Posted: January 28, 2010, 12:08 PM by Jonathan Kay

After six years of service, Chief Murray Faulkner, 57, of the London police force is expected to announce his retirement at noon today.

He leaves with a statistical stain on his record. For 2007 his department's statistics under the heading of domestic violence (DV) show that there was one DV homicide of a woman by a man, but zero homicides of a man by a woman. Not true.

On June 6, 2007, in a shocking case of love gone awry, police inspector Kelly Johnson, inflamed by her lover, retired police superintendent David Lucio's ending of their affair the day before, shot Lucio in the head with a .40-calibre Glock pistol (which she was not authorized to have in her possession) as he was driving his van through downtown London, and then killed herself with the same gun as the van careened into an apartment building.

If Johnson were a man, the case would have been labelled a cold-blooded DV murder, and exploited as yet another example of the pandemic of male violence against women.

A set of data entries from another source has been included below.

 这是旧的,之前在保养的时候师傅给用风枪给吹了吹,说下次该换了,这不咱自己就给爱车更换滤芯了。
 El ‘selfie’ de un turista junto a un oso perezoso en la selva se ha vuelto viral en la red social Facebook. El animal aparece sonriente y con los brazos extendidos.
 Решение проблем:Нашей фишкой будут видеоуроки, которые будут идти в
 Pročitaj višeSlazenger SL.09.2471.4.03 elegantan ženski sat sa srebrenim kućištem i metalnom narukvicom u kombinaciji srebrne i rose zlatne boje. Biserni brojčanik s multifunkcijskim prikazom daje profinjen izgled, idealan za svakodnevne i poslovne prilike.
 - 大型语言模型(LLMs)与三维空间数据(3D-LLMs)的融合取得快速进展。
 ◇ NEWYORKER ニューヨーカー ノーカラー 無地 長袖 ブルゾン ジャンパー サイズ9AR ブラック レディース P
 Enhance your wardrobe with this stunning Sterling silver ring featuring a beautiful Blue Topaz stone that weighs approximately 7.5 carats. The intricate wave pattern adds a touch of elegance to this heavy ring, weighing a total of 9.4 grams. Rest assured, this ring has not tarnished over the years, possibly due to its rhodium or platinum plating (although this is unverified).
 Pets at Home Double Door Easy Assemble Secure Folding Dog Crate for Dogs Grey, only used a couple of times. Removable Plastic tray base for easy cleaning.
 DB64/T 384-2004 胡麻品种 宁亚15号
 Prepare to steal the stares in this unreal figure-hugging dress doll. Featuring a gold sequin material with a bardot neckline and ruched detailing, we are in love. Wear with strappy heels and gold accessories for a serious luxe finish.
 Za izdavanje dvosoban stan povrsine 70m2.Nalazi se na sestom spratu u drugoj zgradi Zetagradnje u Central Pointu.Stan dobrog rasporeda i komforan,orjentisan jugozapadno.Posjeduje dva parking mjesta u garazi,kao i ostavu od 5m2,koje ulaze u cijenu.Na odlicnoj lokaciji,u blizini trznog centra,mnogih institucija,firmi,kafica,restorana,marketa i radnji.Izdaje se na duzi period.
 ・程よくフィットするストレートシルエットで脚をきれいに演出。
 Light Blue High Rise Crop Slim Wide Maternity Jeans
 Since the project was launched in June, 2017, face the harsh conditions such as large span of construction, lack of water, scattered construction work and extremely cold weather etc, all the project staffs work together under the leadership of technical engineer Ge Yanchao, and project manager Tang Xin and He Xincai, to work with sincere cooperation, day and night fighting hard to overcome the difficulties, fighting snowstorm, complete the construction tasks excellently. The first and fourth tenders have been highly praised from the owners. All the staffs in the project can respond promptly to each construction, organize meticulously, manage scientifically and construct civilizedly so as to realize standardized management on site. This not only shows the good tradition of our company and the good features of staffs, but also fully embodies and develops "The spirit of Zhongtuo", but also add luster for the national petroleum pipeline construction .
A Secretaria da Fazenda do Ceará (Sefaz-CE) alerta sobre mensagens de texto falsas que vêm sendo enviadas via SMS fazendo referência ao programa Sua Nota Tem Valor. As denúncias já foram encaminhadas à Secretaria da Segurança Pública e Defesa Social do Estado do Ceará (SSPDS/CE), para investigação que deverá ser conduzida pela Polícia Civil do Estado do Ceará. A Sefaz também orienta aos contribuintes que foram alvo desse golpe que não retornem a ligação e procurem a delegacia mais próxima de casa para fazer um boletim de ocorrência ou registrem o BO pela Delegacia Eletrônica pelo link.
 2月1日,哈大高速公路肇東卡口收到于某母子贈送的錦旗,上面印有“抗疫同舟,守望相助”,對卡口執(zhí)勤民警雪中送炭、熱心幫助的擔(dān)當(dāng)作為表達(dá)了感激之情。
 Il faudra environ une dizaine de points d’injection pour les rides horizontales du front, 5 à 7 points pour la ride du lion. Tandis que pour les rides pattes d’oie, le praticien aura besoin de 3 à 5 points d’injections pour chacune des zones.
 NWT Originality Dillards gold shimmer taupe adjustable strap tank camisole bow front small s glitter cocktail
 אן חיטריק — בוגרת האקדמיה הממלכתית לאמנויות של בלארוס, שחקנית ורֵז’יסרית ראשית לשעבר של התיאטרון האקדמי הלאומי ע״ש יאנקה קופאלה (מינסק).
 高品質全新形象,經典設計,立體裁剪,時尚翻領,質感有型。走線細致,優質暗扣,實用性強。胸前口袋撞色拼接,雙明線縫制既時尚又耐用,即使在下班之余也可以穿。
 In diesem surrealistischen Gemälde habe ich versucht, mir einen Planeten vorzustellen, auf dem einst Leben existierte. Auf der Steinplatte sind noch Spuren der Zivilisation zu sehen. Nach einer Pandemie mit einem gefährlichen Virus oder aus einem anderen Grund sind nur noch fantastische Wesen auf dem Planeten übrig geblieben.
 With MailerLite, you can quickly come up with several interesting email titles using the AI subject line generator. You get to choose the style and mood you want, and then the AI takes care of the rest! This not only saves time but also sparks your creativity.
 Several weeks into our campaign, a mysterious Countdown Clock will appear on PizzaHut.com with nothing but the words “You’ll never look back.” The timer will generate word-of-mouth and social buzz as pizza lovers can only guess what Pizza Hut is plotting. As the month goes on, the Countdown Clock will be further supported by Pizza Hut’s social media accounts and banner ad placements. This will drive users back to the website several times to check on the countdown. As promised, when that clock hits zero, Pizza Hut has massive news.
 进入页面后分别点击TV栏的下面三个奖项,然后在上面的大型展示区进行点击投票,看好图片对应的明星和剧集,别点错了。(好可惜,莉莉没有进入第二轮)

But the incident was spun as a kind of bilateral tragedy with no villain, just two victims.

Critics of Faulkner have long grumbled about his preoccupation with male violence against women and his tendency to downplay or ignore female violence against men. Normally it's tough to get the evidence to back up such a claim. But the obviously purposeful refusal to classify the Lucio murder as a case of DV, when it so screamingly is a world-class example of DV at its worst, supports Chief Faulkner's detractors' claim of bias against male victims of DV.

Naturally this lapse calls all the other statistics in Faulkner's tenure into question. We all depend on statistics to help us make up our minds on issues, so it is extremely irresponsible to muck around with them in support of an ideological position. Presently the London police 2007 statistics tell us that DV-related homicide is 100% male on female and 0% female on male. In fact it is 50-50. It would be fitting if Chief Faulkner's last official act were to admit that the Johnson/Lucio homicide was indeed a case of DV, have the 2007 statistic formally changed, and give his successor the nod to review all the stats on DV posted during his tenure.